Let’s say you have this idea for a visualization or application, or you’re just curious about some trend. But you have a problem. You can’t find the data, and without the data, you can’t even start. This is a guide and a list of sources for where you can find that data you’re looking for. There’s a lot out there.
Being a graduate student, I always look to the library for books and resources. Many libraries are amping up their technology and have some expansive data archives. Many statistics departments also tend to keep a list of data somewhere.
- Data and Story Library – An online library of datafiles and stories that illustrate the use of basic statistics methods, from Carnegie Mellon
- Berkeley Data Lab – Part of the UC Berkeley library system. Hey, they’ve even on Twitter.
- UCLA Statistics Data Sets – Some of the data that UCLA stat uses in their labs and assignments.
I’m sure you’ve seen a graphic in the paper or I guess more likely, on a news site, and wondered about another aspect of the data. Major news organizations always put their sources somewhere on the graphic or are mentioned in the accompanying article. It’s usually not a direct link, but a quick online search will get you to the right place. Sometimes, you’ll have to email someone to get the same data, but those people are usually happy that you’re interested in their data or analysis.
- The New York Times – They also have several data-rich APIs
- Wall Street Journal
- Guardian Datablog – Provides a lot of free-to-use data via Google spreadsheets.
Got some mapping software, but no geographic data? You’re in luck. There are plenty of shapefiles, etc. at your disposal.
- TIGER – From the US Census Bureau, detailed data about roads, railroads, rivers, and zipcodes. Probably the most extensive you’re going to find.
- OpenStreetMap – One of the best examples of data and community effort.
- Geocommons – Both data and a map maker.
- Flickr Shapefiles – Boundaries as defined by Flickr users.
America loves its sports, and thus, has decades of sports data. You’ll find it on Sports Illustrated or the sports organizations’ sites, but you’ll also find more on sites dedicated to the data.
There are several noteworthy international organizations that keep data about the world, mainly health and development indicators. It does take some sifting though, because a lot of the data sets are pretty sparse. It’s not easy to get standardized data across countries with varied methods.
- Global Health Facts
- UNdata – Most of the data I used for Progress came from this data search engine from the United Nations.
- World Health Organization
- OECD Statistics
Government and Politics
With the new administration, there’s been a fresh emphasis on data and transparency, so there are lot of government organizations that supply data. They’ve been doing this for a while, but with the launch of data.gov, much of the data is finding itself in one place. There are also plenty of non-governmental sites that aim to make politicians more accountable.

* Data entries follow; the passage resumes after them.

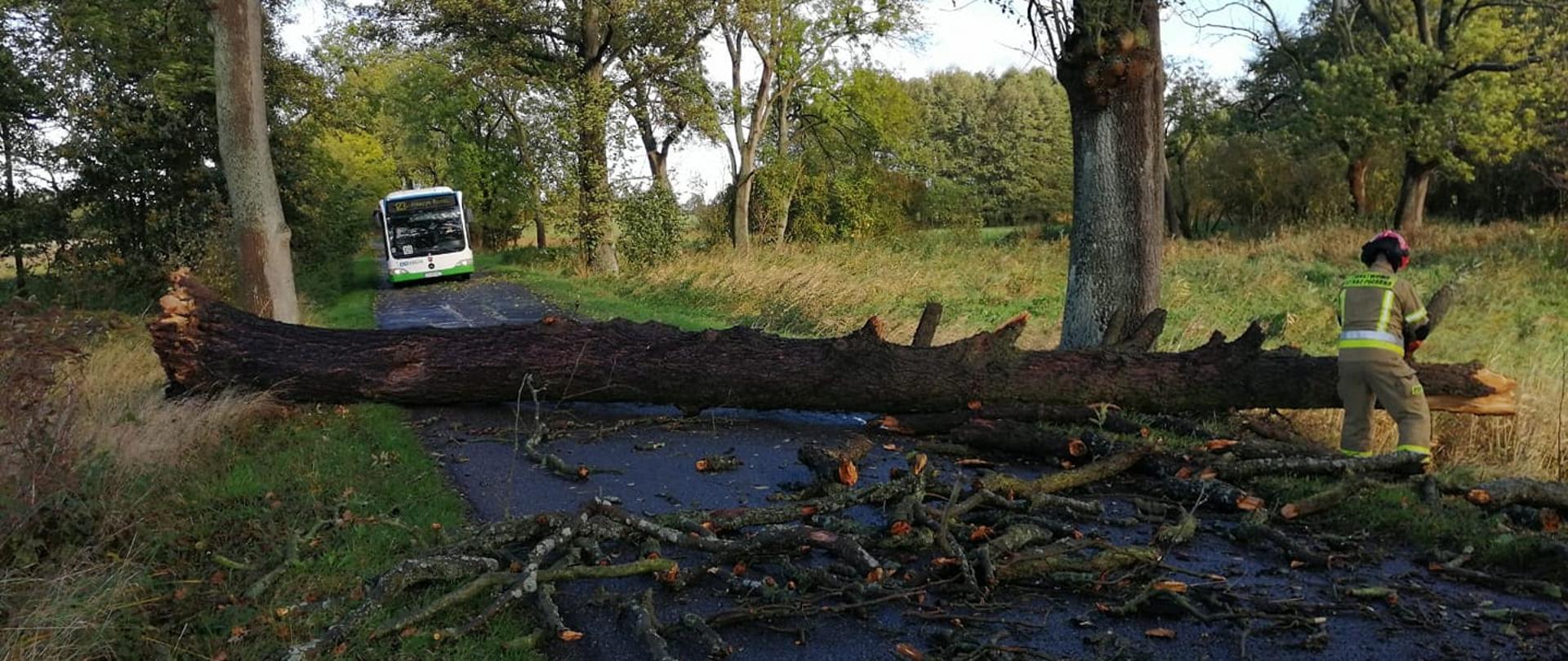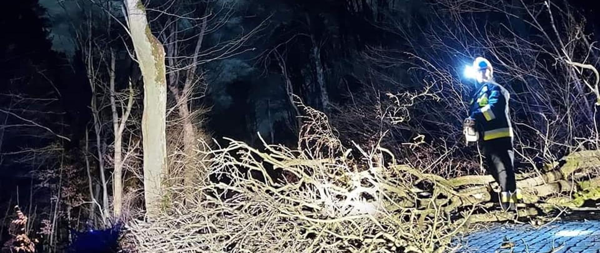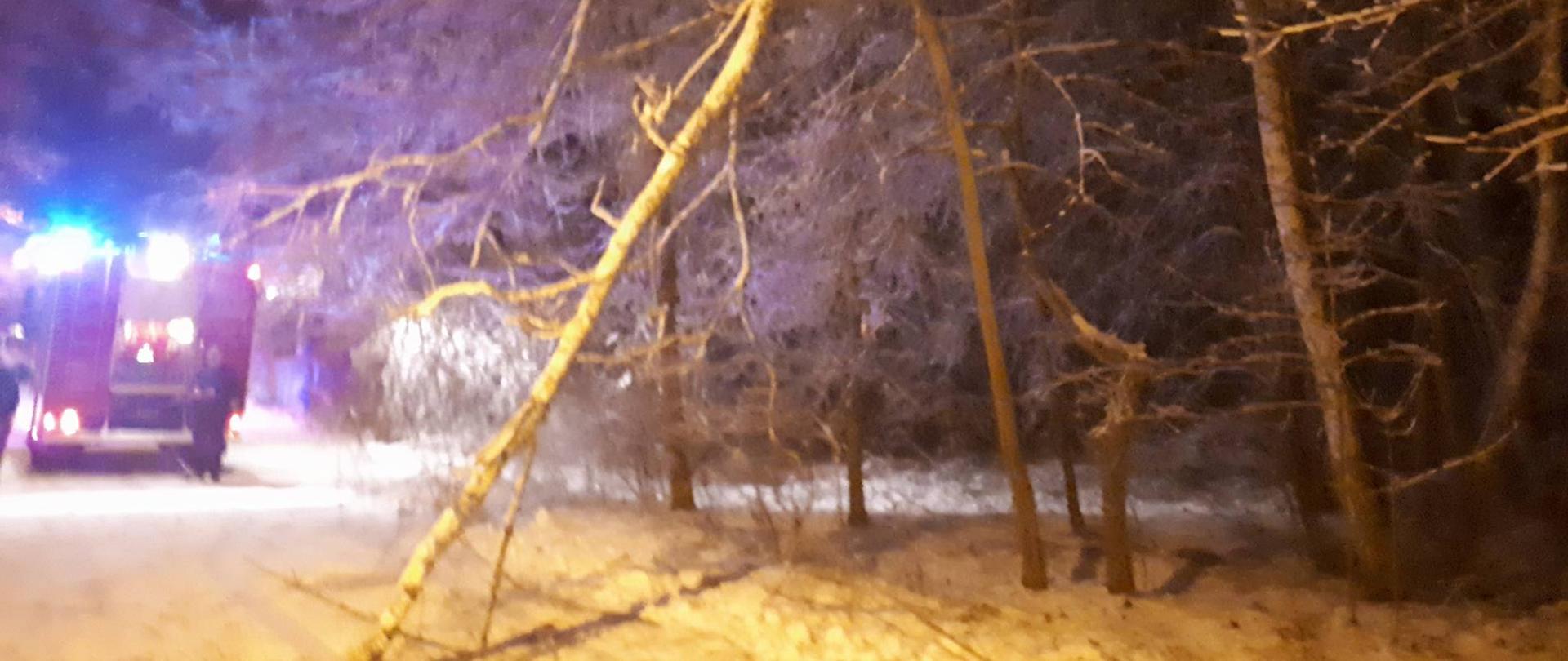 Odłamane konary drzewa spadły na jezdnię i przejeżdżający samochód
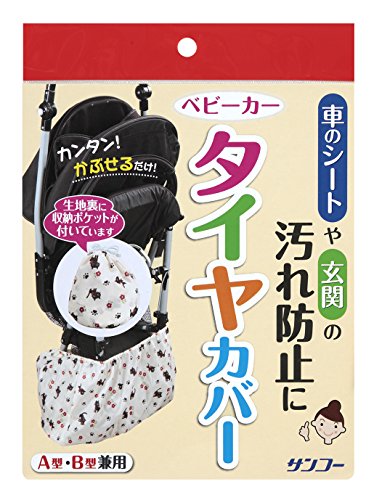 ベビーカーのタイヤにカバーをつけて、車内や玄関などが汚れるのを防ぎます。
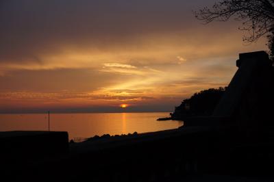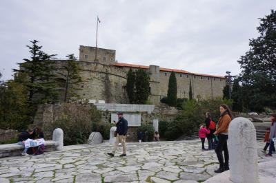 So nah an der Küste ist der Frühling schon deutlich weiter fortgeschritten, Kirschbäume blühen, sobald die Sonne aufgeht ist das Vogelgezwitscher so penetrant, dass man sich zweimal überlegt ob man das Fenster aufmacht (ich hab es nach 20Sekunden wieder zugemacht und das mit sechs Männern im Zimmer, die alle das Bier vom Vorabend ausgedünstet haben, das will schon was bedeuten). Aber alles der Reihe nach. Wir sind Samstagvormittag angekommen, dank der Lage von Ljubljana braucht man ja nirgendswo wirklich lang hin. Wir sind mit dem Zug bis Villa Opicina gefahren und von da mit der Tram weiter nach Triest rein. Ich hatte mir ganz fest vorgenommen auf dem Rückweg ein Bild von eben dieser zu machen, ratet mal welches Gefährt wir auf dem Rückweg nicht benutzt haben. Triest ist eine Hafenstadt, in der sich das wichtigste rund um den Hafen abspielt, so habe ich es zumindest erlebt. Unser Hostel war ein ganzes Stück außerhalb, nahe dem Schloss Miramare. Um ins Zentrum zu kommen konnte man etwa drei Kilometer am Meer entlanglaufen und dann einen Bus nehmen, oder, wenn man so begabt ist wie wir und keinen Shop findet, der Bustickets verkauft, auch noch die letzten drei bis vier Kilometer an der Straße weiterlaufen. Ist uns aber nur einmal passiert, ehrlich. Es lohnt sich auf jeden Fall einfach mal so ein wenig durch die Straßen von Triest zu laufen, überall sieht man sehr schöne Häuser, ich habe mich ein wenig an Wien erinnert gefühlt. Da uns der Weg ins Zentrum und die Essenssuche am Samstag doch ganz schön viel Zeit gekostet hat und Betigül nicht direkt begeistert war von meinem Vorschlag am Sonntag wandern zu gehen haben wir die detailreichere Stadtbesichtigung auf Sonntag vertagt und den Tag gemütlich mit einem Eis am Hafen ausklingen lassen und uns später den Sonnenuntergang von der Terrasse des Hostels aus angesehen.
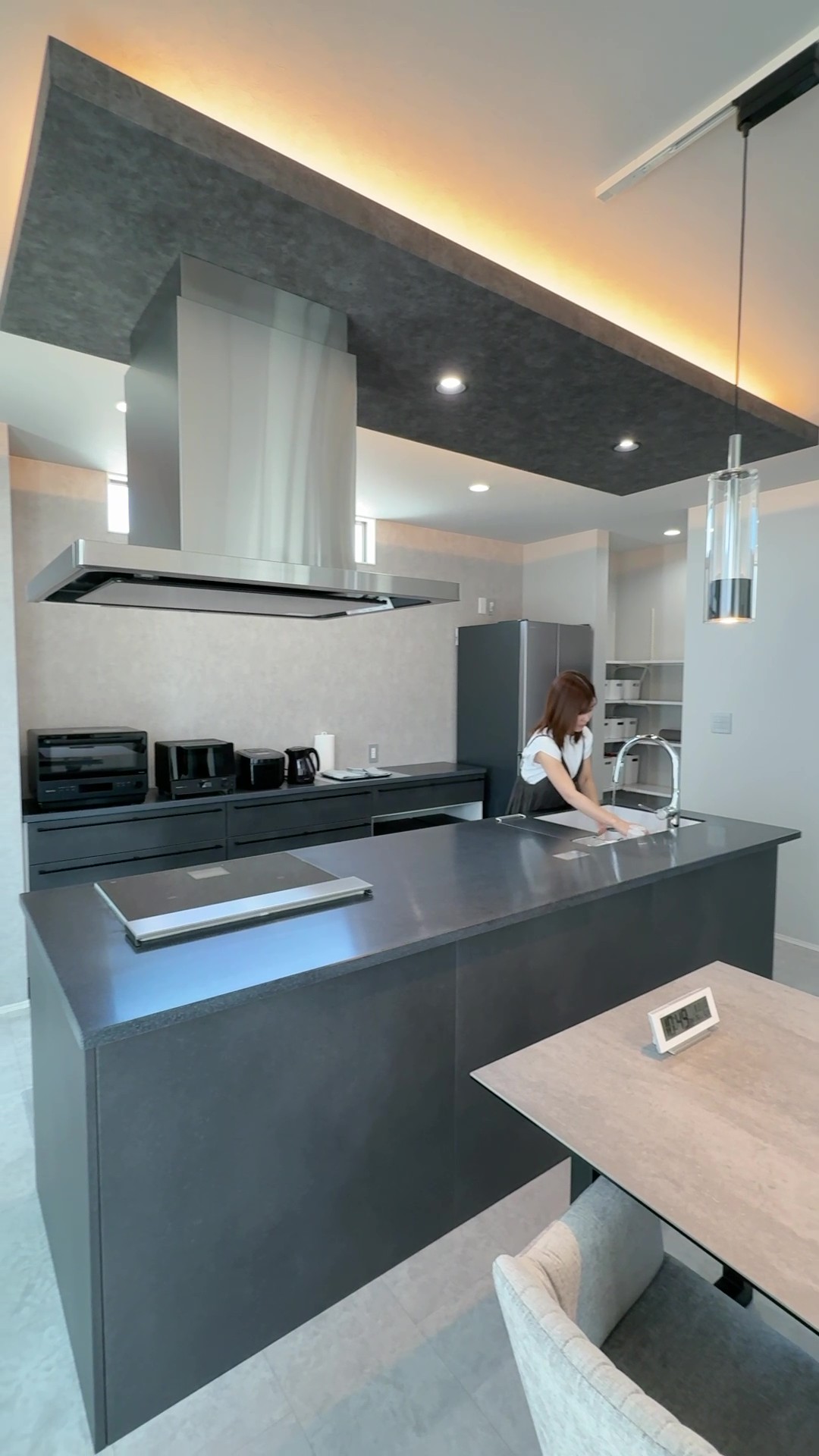 奥様がどうしてもほしかった、ワイドフラットでスタイリッシュなアイランドキッチン。

- Census Bureau – Incredibly important data about the country with more effect on your life than you probably know
- DataSF – San Francisco recently launched their own data site. Hopefully, other cities follow suit. Check out the showcase.
- Follow the Money
- OpenSecrets – Interesting site MAPlight is powered by data from OpenSecrets.
You’re usually going to find the best data straight from the source, but there are lots of applications and sites that try to make all data easier to find or easier to access.
- Freebase – Free data and a community effort. For some types, the data are kind of sparse, but it continues to get better.
- Many Eyes – More of a visualization and exploratory site than for data, but they do have a data section.
- Infochimps – Did you get your invite?
- Amazon Public Data Sets
- DBpedia – Allows you to ask sophisticated queries against Wikipedia, and to link other data sets on the Web to Wikipedia data.
- Wikipedia – Lots of HTML tables. Copy and paste in Excel.
Get it From an API
Plenty of sites and applications make their data freely available via APIs. Twitter has an API (duh). Google has lots of APIs. Yahoo does too. So on and so forth. Visit Programmable Web for a detailed catalog of what’s available.
Scrape the Data
I’m still figuring out how to scrape AJAX-based sites though. I’d be happy to hear any tips from anyone who has experience with that.
Did I miss anything? Where do you get your data from?